Is this really true?

I wonder if this is a case of several accounts running on one [big?] machine - if so, the machine name being the same can't be used as a blocker...

As we don't seem to be able to see device IDs (other than our own) and system "owners" (understandable with the WCG attitude to privacy, but unlike a lot of other BOINC projects!) I can't think of any way to pursue this :-(

Just a thought...

Cheers - Al.
[Oct 29, 2021 9:13:05 PM]   Link   Report threatening or abusive post: please login first  Go to top 
adriverhoef
Master Cruncher
The Netherlands
Joined: Apr 3, 2009
Post Count: 2346
Status: Offline
Project Badges:
Reply to this Post  Reply with Quote 
Re: Error: SIGSEGV: segmentation violation, process exited with code 193 (0xc1, -63)

Thanks for your thoughts, Al.

After some futile searching on the WCG site I decided to do a Google search for their OS version, "4.4.0-62-generic". This is what I found: it could have something to do with grcpool.com, grcpool.com-2, grcpool.com-3 & grcpool.com-4, or someone like that. At this LHC webpage you'll see the same OS Version, 4.4.0-62-generic, their name is grcpool.com-2 and their last contact was 6 Aug 2017. Now look at WCG-member grcpool.com-2 again. They are a registered member since 06/27/2017, that's 27-06-2017, and they have 4,698 device installations. Or this Rosetta webpage, same OS version (4.4.0-62-generic), their name is grcpool.com-3 and their last contact was 19 Aug 2017. Here at WCG their number of devices is 3,964 and they registered at 08-08-2017.

Of these three members, only grcpool.com has a badge for ARP1 (and it is only a 'small' badge: for 14 days).

WCG-10-5-215-117 clearly points to an IP-number: 10.5.215.117. Numbers like these (10.*.*.*) are reserved for private-use networks.

Then I found this text at LHCathome: "Please note that some of the applications on LHC@home requre(sic) Virtual Box to be installed."
(Insert some headscratching here.)

So, what if there are multiple instances of BOINC, each inside their own Virtual Box, each with a different device-ID, running on the same computer? Suppose they each have the same name inside their own Virtual Box (in this case WCG-10-5-215-117). It may not relate to grcpool.com etc., but … for me, a multitude of Virtual Box instances on one mainframe would explain the whole case of the devices with the same name. Could it be that we're on the right track?
----------------------------------------
[Edit 1 times, last edit by adriverhoef at Oct 30, 2021 8:22:45 AM]
[Oct 29, 2021 11:03:11 PM]   Link   Report threatening or abusive post: please login first  Go to top 
sam6861
Advanced Cruncher
Joined: Mar 31, 2020
Post Count: 107
Status: Offline
Project Badges:
Reply to this Post  Reply with Quote 
Re: Error: SIGSEGV: segmentation violation, process exited with code 193 (0xc1, -63)

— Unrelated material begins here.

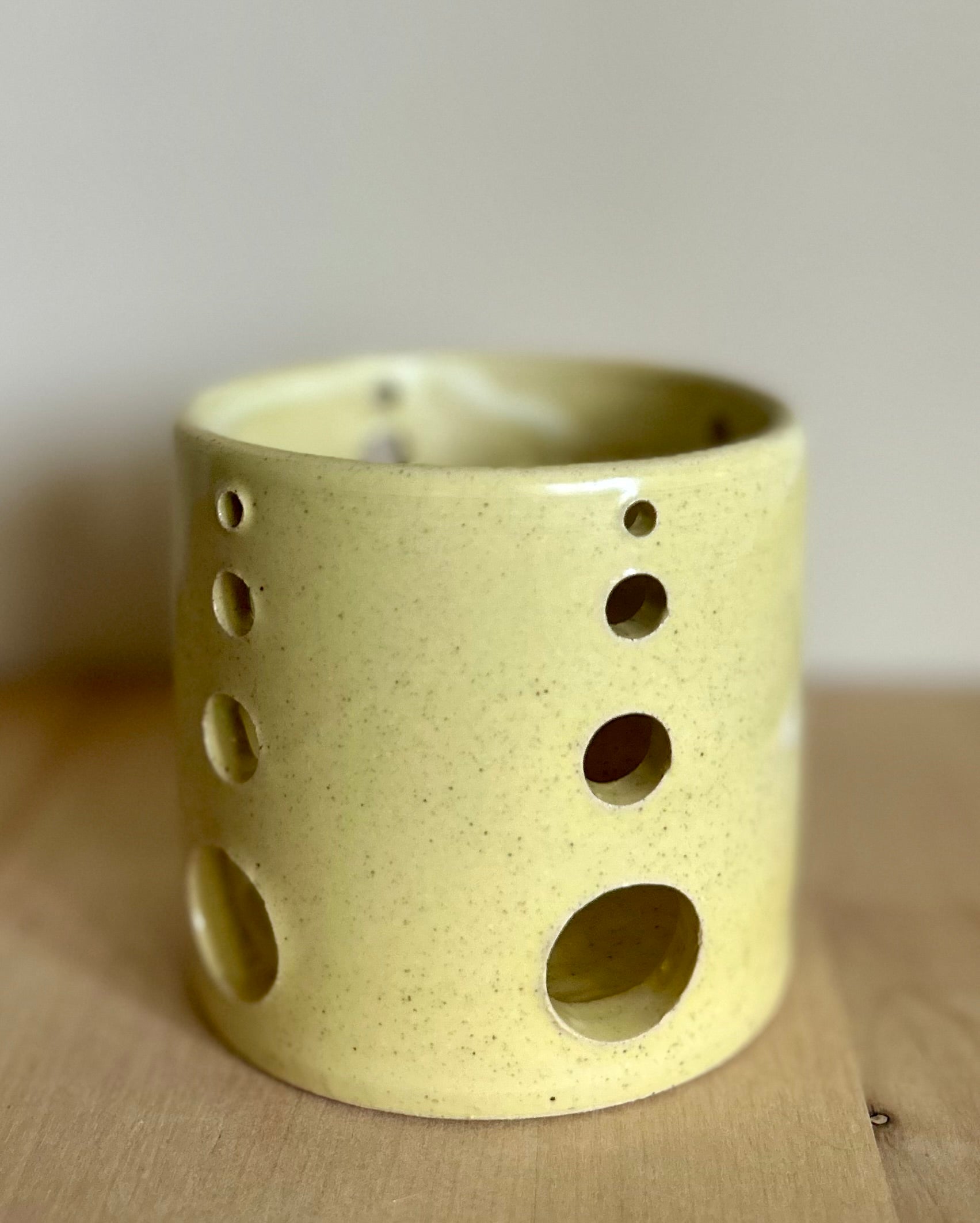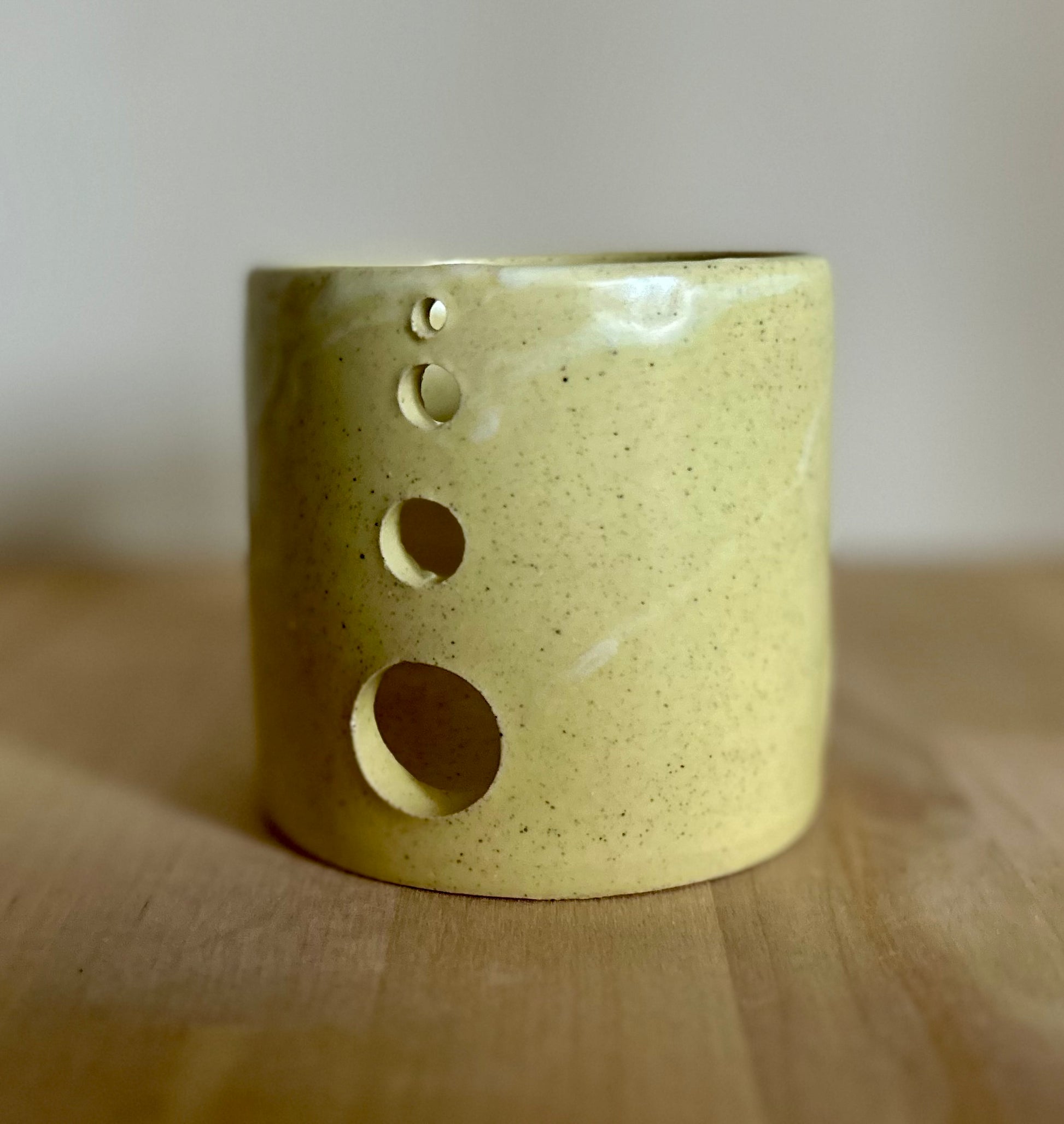 3” tall by 3.25” wide luminary candle holder. Hand thrown in small batches in Door County, WI, each Garden Girl Stoneware piece is a unique, one-of-a-kind vessel. Fired to over 2200 degrees, these pots are food-safe, durable, and made for everyday use--dishwasher ready and adventure approved. From road trips and job sites to campfires and backyard farms, this stoneware is meant to be used. Earthy glazes and forms are inspired by antique utilitarian stoneware and the enduring beauty of nature.

ARP1_0033395_098_2: all 6 are 2 checkpoints and errors on Linux, the _2 is my Linux.
https://www.worldcommunitygrid.org/contribution/workunit/859229171
This is possibly caused by a multiply overflow, as in a number too big to fit into 32 bit float number.

Note: Some users who aren't programmers possbly not understand everything on the rest of this reply.

I went back to old data containing data for ARP1_0033395_098_2, thanks to frequent Btrfs snapshots in Linux. I moved ARP1_0033395_098_2 slot to Windows and use x64dbg to run windows 64 bit app.

With 2 checkpoints and a few hours later, fail with Exception_access_violation on a memory read, with all the CPU registers filled with float NAN (not a number) with hex 7FC00000.

Floating point exception are normally off. I start it again with float exception on with _mm_setcsr(0) with some edits to assembly using x64dbg. Patched in setcsr and Re-run. This time it fails Exception_Flt_invalid_operation with multiply 5.3384e+010 (53384000000) x 1.43248e+037 (14324800000000000000000000000000000000) = NAN as this overflowed the 32 bit float number. I turned off float exception. 20 seconds later, fails with Exception_access_violation. This looks like a multiply overflow error, eventually fails with memory access violation.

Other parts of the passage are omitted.